→ **REQUIRED ACTION**: As you work through the listing below, copy each line exactly and drop the images.

→ **DATA BLOCK**:
* * *

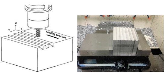 Experiments were conducted on the Feeler U600 (Fair Friend Ent. Co., Ltd, Taipei City, Taiwan) milling machine with a 4-tooth tungsten carbide end mill cutter. The workpiece material is an aluminum alloy (Al6061) with a size of 150 mm × 150 mm × 80 mm. Machining operations were performed by full immersion of slot milling, as shown in Figure 4. Each slot was milled in the X-direction under specific cutting parameters at different levels. Considering the effect of chatter on the machining process, the cutting parameters from rough to finish machining were selected within the stable regions that were defined by the machining stability lobes of the milling tool. The axial cutting depth (ap) was defined in the range of 0.1 and 2.0 mm with an increment of 0.1 mm. The spindle speed (n) was set to 3000–8000 rpm, increased in increments of 1000 rpm, respectively. The linear feed rate (f) was set at 600 to 2400 mm/min with increments of 100, which was determined by spindle speed (n) and feed per tooth of the cutter based on the formula: f (mm/min) = n (rpm) × fz (mm/tooth) × z (number of tooth). Herein, feed per tooth of the cutter was specified at two levels, 0.05 and 0.075 mm/tooth, respectively. For a given spindle speed, the linear feed rate in machining was set at lower and higher rate, respectively. During milling operations, a triaxial vibration sensor was mounted on the spindle housing to measure the acceleration signals of the vibration in the orthogonal directions (X, Y, and Z) simultaneously. For each slot machining, the average value taken from the time domain root mean square (RMS) values of the accelerations were calculated and used to compare the vibration extent of milling under different cutting parameters. After machining tests, the surface roughness (Ra) was measured using white light interferometer (Optical Surface Profiler, Zygo, NewView™ 8000 Series (Zyzo Corporation, Middlefield, CT USA). For each machined slot, roughness values were measured at five equally spaced points along the feeding direction, and then, the average of these values was recorded for subsequent analysis. There are a total of 240 machining conditions defined by the different levels of cutting parameters, including 6 spindle speeds, 2 feed rates, and 20 cutting depths.
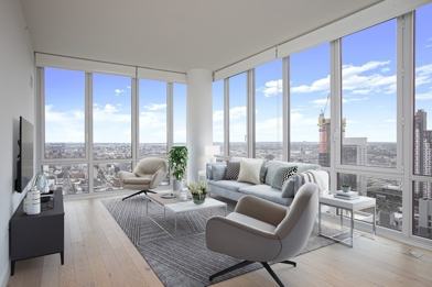 An exclusive full-floor rooftop with a swimming pool with BBQs. The lounge is a continuation of the building's modern architecture, featuring plush seating, high-definition television, Wi-Fi access, a pool table, and an entertaining kitchenette. The fitness is a state-of-the-art fitness center offering a rock climbing wall, free weights, high-tech cardio and strength training equipment. Additional amenities include a 24-hour attended lobby, bicycle, laundry facilities, valet service, a package room, and on-site parking. Access to N, 7, W, E, M, R, F, G trains. Easy commute to Manhattan.
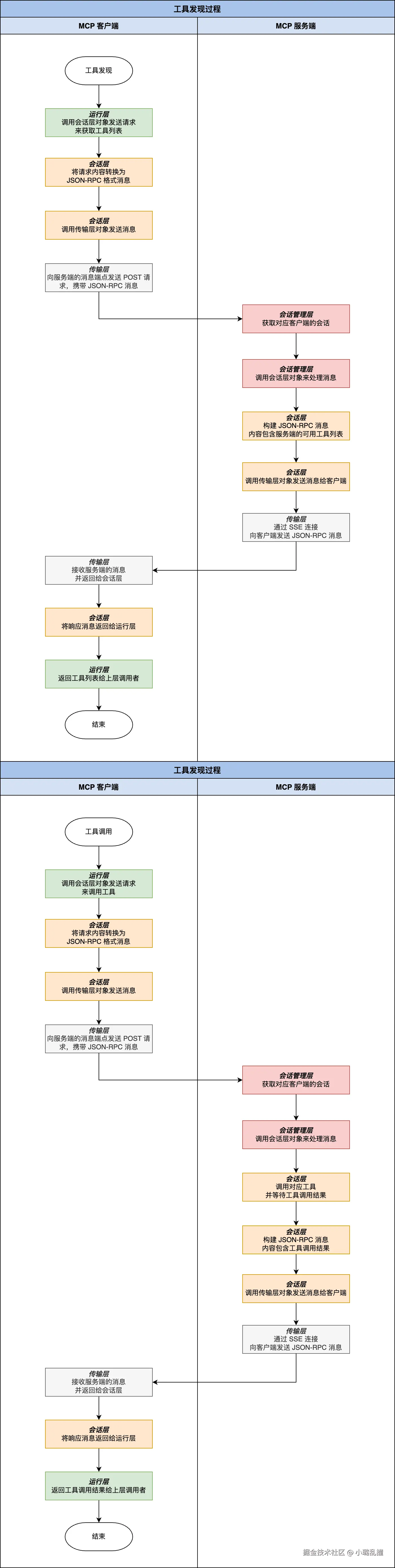 最后讲解工具发现、调用的过程,这个过程属于 MCP 的业务交互流程。其他的过程都是很类似的,因为源码对整个业务交互进行了非常好的抽象,所以每个业务流程在层次走向上都是非常类似的。

* * *

→ **RESULT OF THE TASK**:
 Experiments were conducted on the Feeler U600 (Fair Friend Ent. Co., Ltd, Taipei City, Taiwan) milling machine with a 4-tooth tungsten carbide end mill cutter. The workpiece material is an aluminum alloy (Al6061) with a size of 150 mm × 150 mm × 80 mm. Machining operations were performed by full immersion of slot milling, as shown in Figure 4. Each slot was milled in the X-direction under specific cutting parameters at different levels. Considering the effect of chatter on the machining process, the cutting parameters from rough to finish machining were selected within the stable regions that were defined by the machining stability lobes of the milling tool. The axial cutting depth (ap) was defined in the range of 0.1 and 2.0 mm with an increment of 0.1 mm. The spindle speed (n) was set to 3000–8000 rpm, increased in increments of 1000 rpm, respectively. The linear feed rate (f) was set at 600 to 2400 mm/min with increments of 100, which was determined by spindle speed (n) and feed per tooth of the cutter based on the formula: f (mm/min) = n (rpm) × fz (mm/tooth) × z (number of tooth). Herein, feed per tooth of the cutter was specified at two levels, 0.05 and 0.075 mm/tooth, respectively. For a given spindle speed, the linear feed rate in machining was set at lower and higher rate, respectively. During milling operations, a triaxial vibration sensor was mounted on the spindle housing to measure the acceleration signals of the vibration in the orthogonal directions (X, Y, and Z) simultaneously. For each slot machining, the average value taken from the time domain root mean square (RMS) values of the accelerations were calculated and used to compare the vibration extent of milling under different cutting parameters. After machining tests, the surface roughness (Ra) was measured using white light interferometer (Optical Surface Profiler, Zygo, NewView™ 8000 Series (Zyzo Corporation, Middlefield, CT USA). For each machined slot, roughness values were measured at five equally spaced points along the feeding direction, and then, the average of these values was recorded for subsequent analysis. There are a total of 240 machining conditions defined by the different levels of cutting parameters, including 6 spindle speeds, 2 feed rates, and 20 cutting depths.
 An exclusive full-floor rooftop with a swimming pool with BBQs. The lounge is a continuation of the building's modern architecture, featuring plush seating, high-definition television, Wi-Fi access, a pool table, and an entertaining kitchenette. The fitness is a state-of-the-art fitness center offering a rock climbing wall, free weights, high-tech cardio and strength training equipment. Additional amenities include a 24-hour attended lobby, bicycle, laundry facilities, valet service, a package room, and on-site parking. Access to N, 7, W, E, M, R, F, G trains. Easy commute to Manhattan.
 最后讲解工具发现、调用的过程,这个过程属于 MCP 的业务交互流程。其他的过程都是很类似的,因为源码对整个业务交互进行了非常好的抽象,所以每个业务流程在层次走向上都是非常类似的。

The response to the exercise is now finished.